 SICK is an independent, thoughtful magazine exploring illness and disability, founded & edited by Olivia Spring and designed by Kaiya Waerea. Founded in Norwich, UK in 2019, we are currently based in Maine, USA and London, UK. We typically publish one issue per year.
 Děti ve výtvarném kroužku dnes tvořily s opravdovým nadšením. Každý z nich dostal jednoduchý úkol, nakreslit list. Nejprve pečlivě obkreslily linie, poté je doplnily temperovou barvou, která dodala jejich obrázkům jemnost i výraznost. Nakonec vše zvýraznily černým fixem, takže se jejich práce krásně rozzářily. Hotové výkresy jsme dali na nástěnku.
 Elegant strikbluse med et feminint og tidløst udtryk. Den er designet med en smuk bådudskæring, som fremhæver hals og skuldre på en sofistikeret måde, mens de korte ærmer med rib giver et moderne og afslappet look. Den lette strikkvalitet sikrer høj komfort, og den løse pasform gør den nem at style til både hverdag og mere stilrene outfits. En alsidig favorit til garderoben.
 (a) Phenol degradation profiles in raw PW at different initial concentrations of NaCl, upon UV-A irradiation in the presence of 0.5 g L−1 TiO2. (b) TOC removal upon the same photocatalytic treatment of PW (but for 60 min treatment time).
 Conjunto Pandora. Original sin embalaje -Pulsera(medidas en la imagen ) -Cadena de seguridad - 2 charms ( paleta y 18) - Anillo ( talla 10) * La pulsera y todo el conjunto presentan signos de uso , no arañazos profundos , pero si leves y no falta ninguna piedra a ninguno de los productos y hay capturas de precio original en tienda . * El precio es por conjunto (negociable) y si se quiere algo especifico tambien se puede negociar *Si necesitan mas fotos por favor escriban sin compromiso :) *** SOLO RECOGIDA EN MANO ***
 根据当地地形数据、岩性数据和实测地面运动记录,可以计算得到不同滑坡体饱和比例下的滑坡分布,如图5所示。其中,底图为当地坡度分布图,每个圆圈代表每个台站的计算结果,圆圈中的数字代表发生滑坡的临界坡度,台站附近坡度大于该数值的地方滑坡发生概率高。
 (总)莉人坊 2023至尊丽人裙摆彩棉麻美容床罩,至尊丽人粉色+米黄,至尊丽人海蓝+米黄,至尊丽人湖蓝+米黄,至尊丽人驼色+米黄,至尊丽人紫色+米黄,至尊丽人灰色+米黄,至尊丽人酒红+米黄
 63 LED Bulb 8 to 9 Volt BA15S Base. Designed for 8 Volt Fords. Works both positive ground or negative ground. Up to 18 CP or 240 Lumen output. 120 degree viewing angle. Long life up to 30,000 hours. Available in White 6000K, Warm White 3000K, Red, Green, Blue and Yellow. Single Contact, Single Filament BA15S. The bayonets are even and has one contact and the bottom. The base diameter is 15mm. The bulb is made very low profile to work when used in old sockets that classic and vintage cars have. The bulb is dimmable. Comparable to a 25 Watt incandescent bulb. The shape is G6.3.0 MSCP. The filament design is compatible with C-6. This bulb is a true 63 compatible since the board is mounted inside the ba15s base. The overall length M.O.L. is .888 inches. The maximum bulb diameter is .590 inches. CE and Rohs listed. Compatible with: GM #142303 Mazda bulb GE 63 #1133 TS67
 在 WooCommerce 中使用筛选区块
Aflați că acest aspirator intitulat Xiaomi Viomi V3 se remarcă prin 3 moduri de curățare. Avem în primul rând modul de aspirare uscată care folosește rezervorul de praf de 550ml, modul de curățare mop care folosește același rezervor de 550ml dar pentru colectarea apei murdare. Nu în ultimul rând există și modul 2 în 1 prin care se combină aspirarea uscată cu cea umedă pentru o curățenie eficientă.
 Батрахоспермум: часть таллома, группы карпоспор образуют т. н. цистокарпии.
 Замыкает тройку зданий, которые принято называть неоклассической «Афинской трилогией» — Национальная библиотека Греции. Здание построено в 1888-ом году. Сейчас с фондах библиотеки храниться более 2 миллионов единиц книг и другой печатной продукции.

### Activity
Quote all the records. Keep every word exact.

### Response
 SICK is an independent, thoughtful magazine exploring illness and disability, founded & edited by Olivia Spring and designed by Kaiya Waerea. Founded in Norwich, UK in 2019, we are currently based in Maine, USA and London, UK. We typically publish one issue per year.
 Děti ve výtvarném kroužku dnes tvořily s opravdovým nadšením. Každý z nich dostal jednoduchý úkol, nakreslit list. Nejprve pečlivě obkreslily linie, poté je doplnily temperovou barvou, která dodala jejich obrázkům jemnost i výraznost. Nakonec vše zvýraznily černým fixem, takže se jejich práce krásně rozzářily. Hotové výkresy jsme dali na nástěnku.
 Elegant strikbluse med et feminint og tidløst udtryk. Den er designet med en smuk bådudskæring, som fremhæver hals og skuldre på en sofistikeret måde, mens de korte ærmer med rib giver et moderne og afslappet look. Den lette strikkvalitet sikrer høj komfort, og den løse pasform gør den nem at style til både hverdag og mere stilrene outfits. En alsidig favorit til garderoben.
 (a) Phenol degradation profiles in raw PW at different initial concentrations of NaCl, upon UV-A irradiation in the presence of 0.5 g L−1 TiO2. (b) TOC removal upon the same photocatalytic treatment of PW (but for 60 min treatment time).
 Conjunto Pandora. Original sin embalaje -Pulsera(medidas en la imagen ) -Cadena de seguridad - 2 charms ( paleta y 18) - Anillo ( talla 10) * La pulsera y todo el conjunto presentan signos de uso , no arañazos profundos , pero si leves y no falta ninguna piedra a ninguno de los productos y hay capturas de precio original en tienda . * El precio es por conjunto (negociable) y si se quiere algo especifico tambien se puede negociar *Si necesitan mas fotos por favor escriban sin compromiso :) *** SOLO RECOGIDA EN MANO ***
 根据当地地形数据、岩性数据和实测地面运动记录,可以计算得到不同滑坡体饱和比例下的滑坡分布,如图5所示。其中,底图为当地坡度分布图,每个圆圈代表每个台站的计算结果,圆圈中的数字代表发生滑坡的临界坡度,台站附近坡度大于该数值的地方滑坡发生概率高。
 (总)莉人坊 2023至尊丽人裙摆彩棉麻美容床罩,至尊丽人粉色+米黄,至尊丽人海蓝+米黄,至尊丽人湖蓝+米黄,至尊丽人驼色+米黄,至尊丽人紫色+米黄,至尊丽人灰色+米黄,至尊丽人酒红+米黄
 63 LED Bulb 8 to 9 Volt BA15S Base. Designed for 8 Volt Fords. Works both positive ground or negative ground. Up to 18 CP or 240 Lumen output. 120 degree viewing angle. Long life up to 30,000 hours. Available in White 6000K, Warm White 3000K, Red, Green, Blue and Yellow. Single Contact, Single Filament BA15S. The bayonets are even and has one contact and the bottom. The base diameter is 15mm. The bulb is made very low profile to work when used in old sockets that classic and vintage cars have. The bulb is dimmable. Comparable to a 25 Watt incandescent bulb. The shape is G6.3.0 MSCP. The filament design is compatible with C-6. This bulb is a true 63 compatible since the board is mounted inside the ba15s base. The overall length M.O.L. is .888 inches. The maximum bulb diameter is .590 inches. CE and Rohs listed. Compatible with: GM #142303 Mazda bulb GE 63 #1133 TS67
 在 WooCommerce 中使用筛选区块
Aflați că acest aspirator intitulat Xiaomi Viomi V3 se remarcă prin 3 moduri de curățare. Avem în primul rând modul de aspirare uscată care folosește rezervorul de praf de 550ml, modul de curățare mop care folosește același rezervor de 550ml dar pentru colectarea apei murdare. Nu în ultimul rând există și modul 2 în 1 prin care se combină aspirarea uscată cu cea umedă pentru o curățenie eficientă.
 Батрахоспермум: часть таллома, группы карпоспор образуют т. н. цистокарпии.
 Замыкает тройку зданий, которые принято называть неоклассической «Афинской трилогией» — Национальная библиотека Греции. Здание построено в 1888-ом году. Сейчас с фондах библиотеки храниться более 2 миллионов единиц книг и другой печатной продукции.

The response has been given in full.